This project is a part of the Data Science Fundamentals course at ISCTE-IUL. The goal of this project is to predict the salary of a LinkedIn user based on the information available on job offers. The dataset used in this project is the LinkedIn dataset, which is available on Kaggle. The dataset is available on Kaggle: LinkedIn Dataset
The project is based on the CRISP-DM methodology. The project structure is as follows:
- Business Understanding (Won't be covered in this project)
- Data Understanding
- Data Preparation
- Modeling
- Evaluation
- Deployment (Won't be covered in this project)
All libraries can be installed using pip. There is a requirements.txt file in the project folder. To install all libraries, run the following command in the project folder: pip install -r requirements.txt
The understanding of the dataset was done in Understand&Prepare.ipynb
notebook and all the code and results are presented there. It includes statistics presentation, data visualization and correlation analysis.
The data preparation was done in Understand&Prepare.ipynb
notebook and all the code and results are presented there.

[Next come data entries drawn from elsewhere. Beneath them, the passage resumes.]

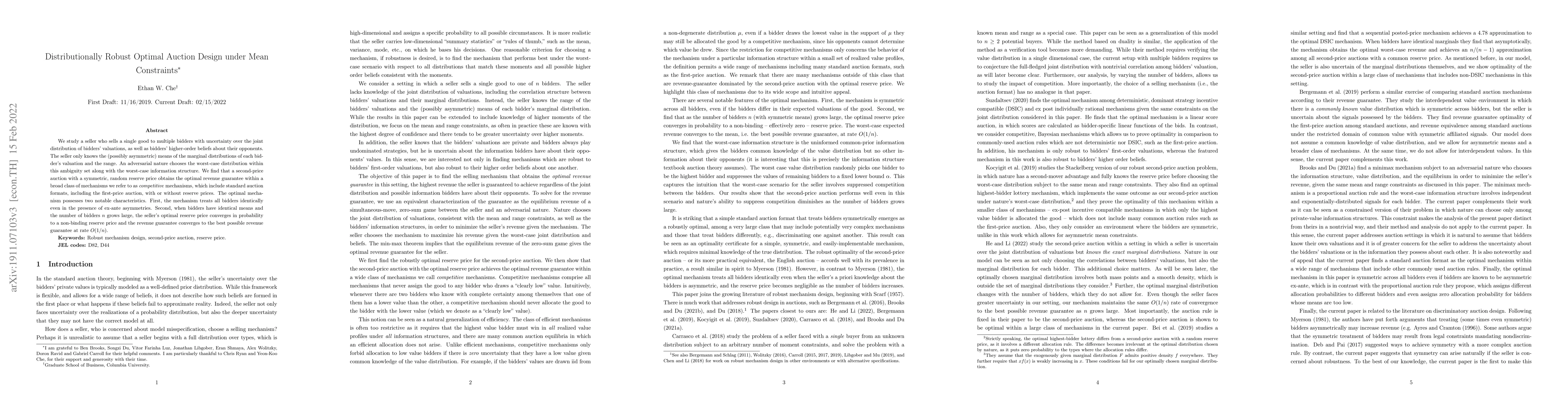 We study a seller who sells a single good to multiple bidders with uncertainty over the joint distribution of bidders' valuations, as well as bidders' higher-order beliefs about their opponents. The seller only knows the (possibly asymmetric) means of the marginal distributions of each bidder's valuation and the range. An adversarial nature chooses the worst-case distribution within this ambiguity set along with the worst-case information structure. We find that a second-price auction with a symmetric, random reserve price obtains the optimal revenue guarantee within a broad class of mechanisms we refer to as competitive mechanisms, which include standard auction formats, including the first-price auction, with or without reserve prices. The optimal mechanism possesses two notable characteristics. First, the mechanism treats all bidders identically even in the presence of ex-ante asymmetries. Second, when bidders are identical and the number of bidders $n$ grows large, the seller's optimal reserve price converges in probability to a non-binding reserve price and the revenue guarantee converges to the best possible revenue guarantee at rate $O(1/n)$.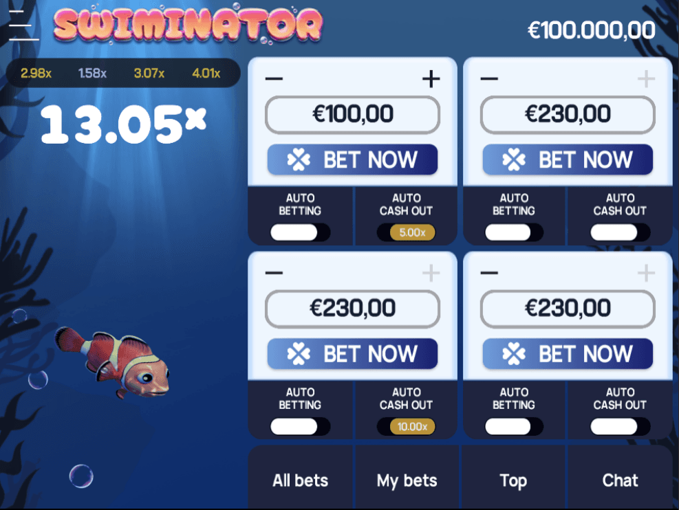 Swiminator is a streamlined casino crash game featuring four bet buttons and live chat, designed for fast, smooth play. Built to perform reliably on low-end devices and low-bandwidth connections, it ensures broad player accessibility without compromising engagement.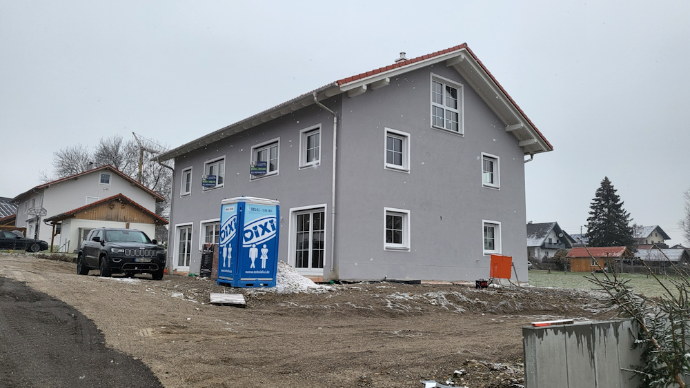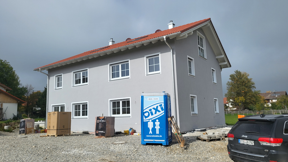 In Reichling werden derzeit von der Konstruktiv Bau GmbH zwei Doppelhaushälften in massiver Ziegelbauweise als KfW-55-Effizienzhäuser geplant.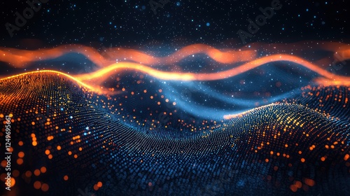 Abstract digital landscape, glowing particles, wavy surface, space background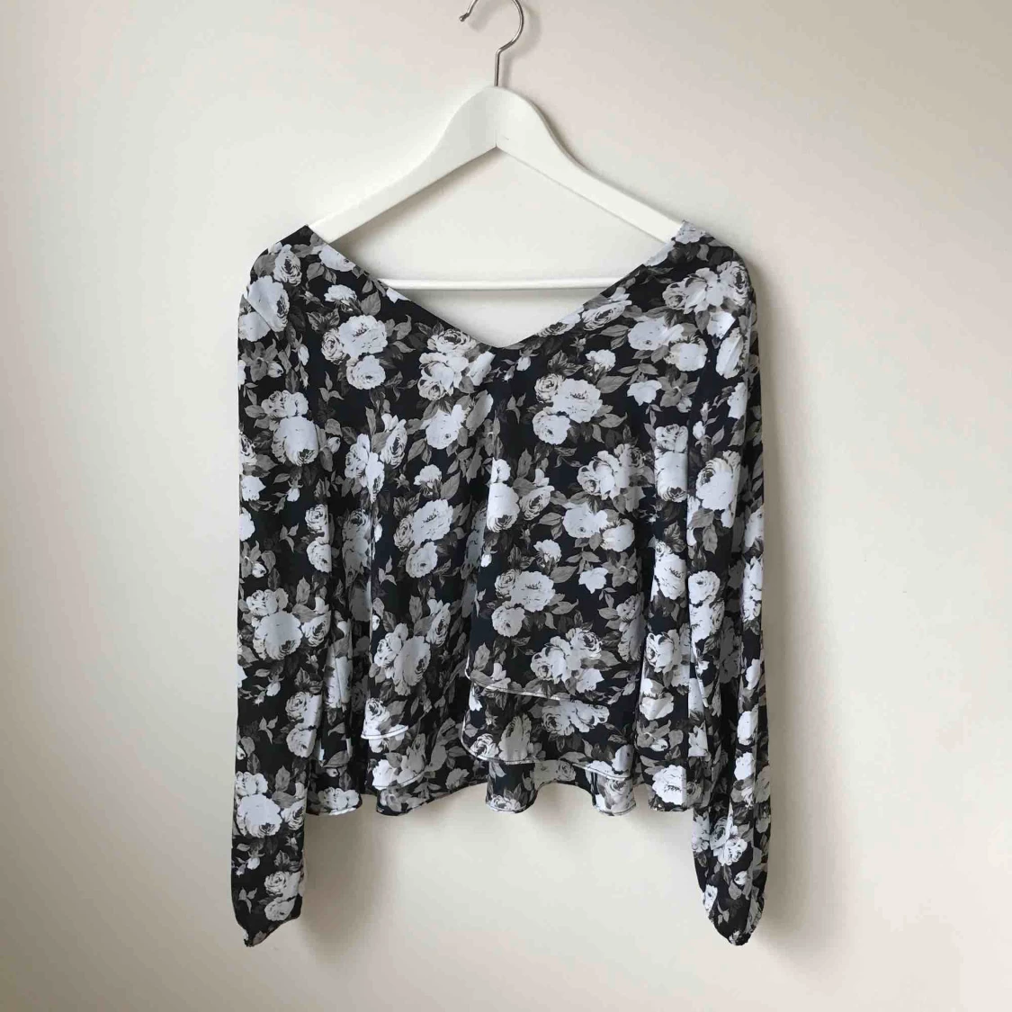 Svart, vit och grå blommig blus med volanger i nyskick. Använd 2 gånger. Köparen står för fraktkostnad enligt postens portotabell.
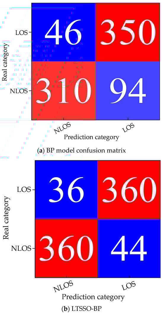 The confusion matrix plots for the BP model and LTSSO-BP model, respectively, are shown in Figure 12. It can be observed that the LTSSO-BP model exhibits a significant improvement in the classification accuracy of signal propagation states compared to the original BP model, which generally meets the basic requirements for accurate classification.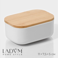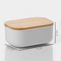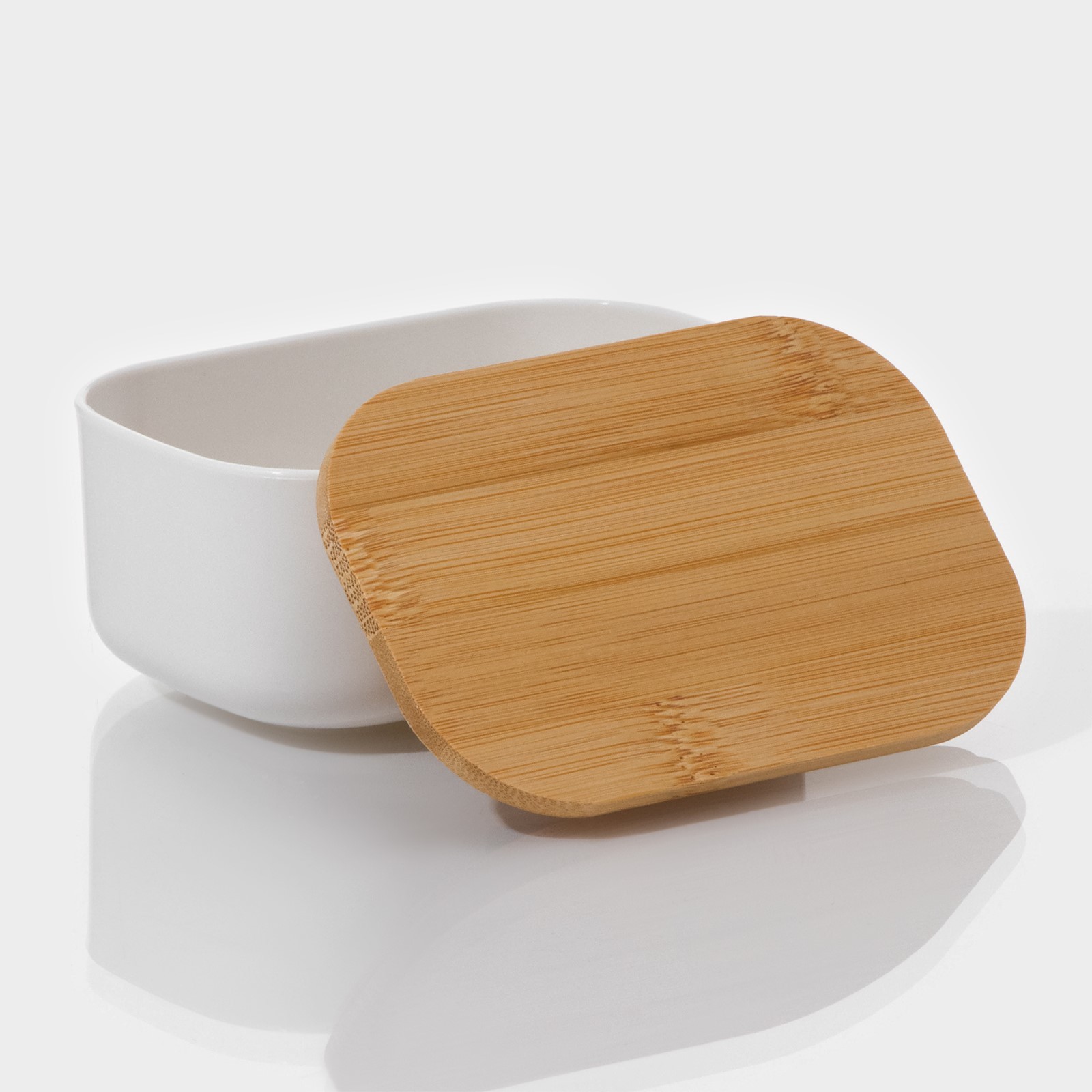 Array. Контейнер для хранения пригодится в каждом доме. Благодаря ему можно стилизовать любое помещение, убрать визуальный шум и уберечь вещи от различных внешних факторов. Он прочный и долговечный, так как изготовлен из высококачественного пластика. Он имеет прямоугольную форму и компактные размеры, что позволяет удобно разместить его на полке в шкафу или антресоли. Контейнер оснащен плотной крышкой, которая надежно защищает содержимое от попадания пыли, влаги и грязи. Кроме того, крышка из бамбука придает контейнеру стильный и современный вид. В таком контейнере можно хранить различные вещи, включая одежду, обувь, аксессуары и даже электронику. Благодаря своему универсальному дизайну, контейнер легко впишется в любой интерьер и станет его гармоничным дополнением. Цвет: Белый Ширина, см: 7.5 Глубина, см: 4.2 Высота, см: 5 Крышка: Да Материал: Пластик Колёса/ролики: Нет Вид: Контейнер  развернуть описание ▼

It includes data cleaning and feature selection.
For that purpose we will use the following algorithms:
- K Neighbors Regressor
- Decision Tree Regressor
- Random Forest Regressor
- Support Vector Regressor
- Gradient Boosting Regressor
With the feautres we were left with Sure, the features in your dataset appear to be:
Flw_Cnt
Is_Supvsr
is_remote
views
mean_sal_by_st_code
mean_sal_by_xp_lvl
mean_sal_by_wrk_type
NLP - Job_Decscription
All models are Regression models, because we are predicting a continuous variable. We could also use Classification models, but we would have to divide the salary into classes. In this case, we would have to decide how many classes we want to have and what would be the salary range for each class. This would be a very subjective decision and it would be hard to evaluate the results.
The modeling was done in ModelTesting.ipynb
notebook and all the code and results are presented there. It includes data modeling, hyperparameter tuning and model evaluation. Great help was provided by GridSearchCV, which is a part of the sklearn library. It allows to test different hyperparameters and choose the best ones.
Without use of NLP, all models were off by 20k-30k dollars. It is a huge error.
The data itself is not very good for predicting the salary. Although the dataset is quite big, its features are not very good for predicting. informations like job title, company name or job description are not very good for predicting the salary. Different features like domain, application status or if company page is listed were not very useful.
The idea itself looks very interesting and further research could be done. The dataset could be improved by adding more features. The use of NLP (Natural Language Processing) could be used for other features too.